» **AIM OF THE TASK**: Look below for the line that contains "根据新红数据,和逍遥丸相关的" and the line that contains "为不断提升内涵建设,压实工作", then restate both of them and every line in between, exactly. No picture goes in the copy.

» **DATA**:

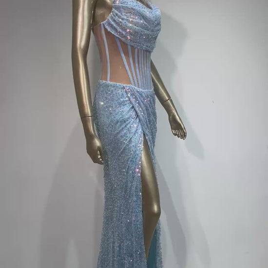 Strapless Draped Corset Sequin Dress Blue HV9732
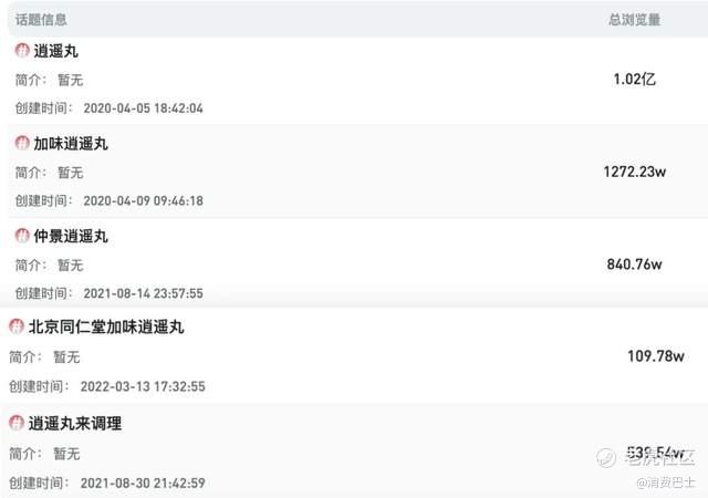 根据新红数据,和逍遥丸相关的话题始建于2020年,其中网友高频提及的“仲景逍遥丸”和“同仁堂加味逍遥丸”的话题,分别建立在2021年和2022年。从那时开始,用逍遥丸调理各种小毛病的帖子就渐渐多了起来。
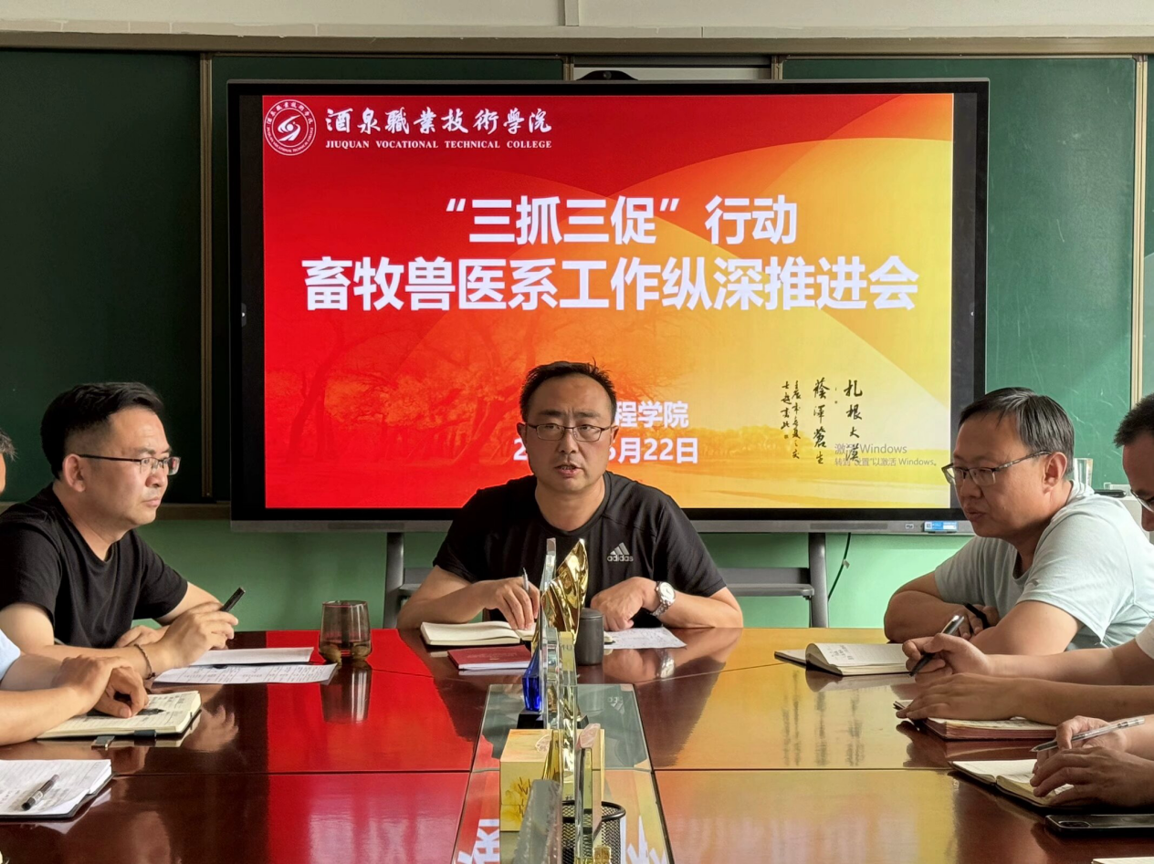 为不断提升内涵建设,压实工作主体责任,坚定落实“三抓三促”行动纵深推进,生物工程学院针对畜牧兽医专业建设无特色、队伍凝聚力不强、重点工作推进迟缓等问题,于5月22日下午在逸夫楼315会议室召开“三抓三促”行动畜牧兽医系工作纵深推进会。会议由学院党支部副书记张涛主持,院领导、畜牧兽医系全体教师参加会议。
==
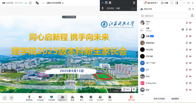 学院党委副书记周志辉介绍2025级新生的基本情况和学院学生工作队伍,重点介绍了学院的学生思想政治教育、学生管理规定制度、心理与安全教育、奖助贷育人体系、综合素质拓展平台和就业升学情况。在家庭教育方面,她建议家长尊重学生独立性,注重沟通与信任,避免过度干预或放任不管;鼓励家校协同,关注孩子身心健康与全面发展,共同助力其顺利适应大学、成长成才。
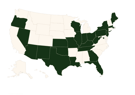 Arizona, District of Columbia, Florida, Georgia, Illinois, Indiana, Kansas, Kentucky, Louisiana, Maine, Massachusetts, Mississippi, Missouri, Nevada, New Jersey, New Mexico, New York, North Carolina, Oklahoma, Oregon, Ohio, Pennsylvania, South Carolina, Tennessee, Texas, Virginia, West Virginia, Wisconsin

» **YOUR SOLUTION**:
 根据新红数据,和逍遥丸相关的话题始建于2020年,其中网友高频提及的“仲景逍遥丸”和“同仁堂加味逍遥丸”的话题,分别建立在2021年和2022年。从那时开始,用逍遥丸调理各种小毛病的帖子就渐渐多了起来。
 为不断提升内涵建设,压实工作主体责任,坚定落实“三抓三促”行动纵深推进,生物工程学院针对畜牧兽医专业建设无特色、队伍凝聚力不强、重点工作推进迟缓等问题,于5月22日下午在逸夫楼315会议室召开“三抓三促”行动畜牧兽医系工作纵深推进会。会议由学院党支部副书记张涛主持,院领导、畜牧兽医系全体教师参加会议。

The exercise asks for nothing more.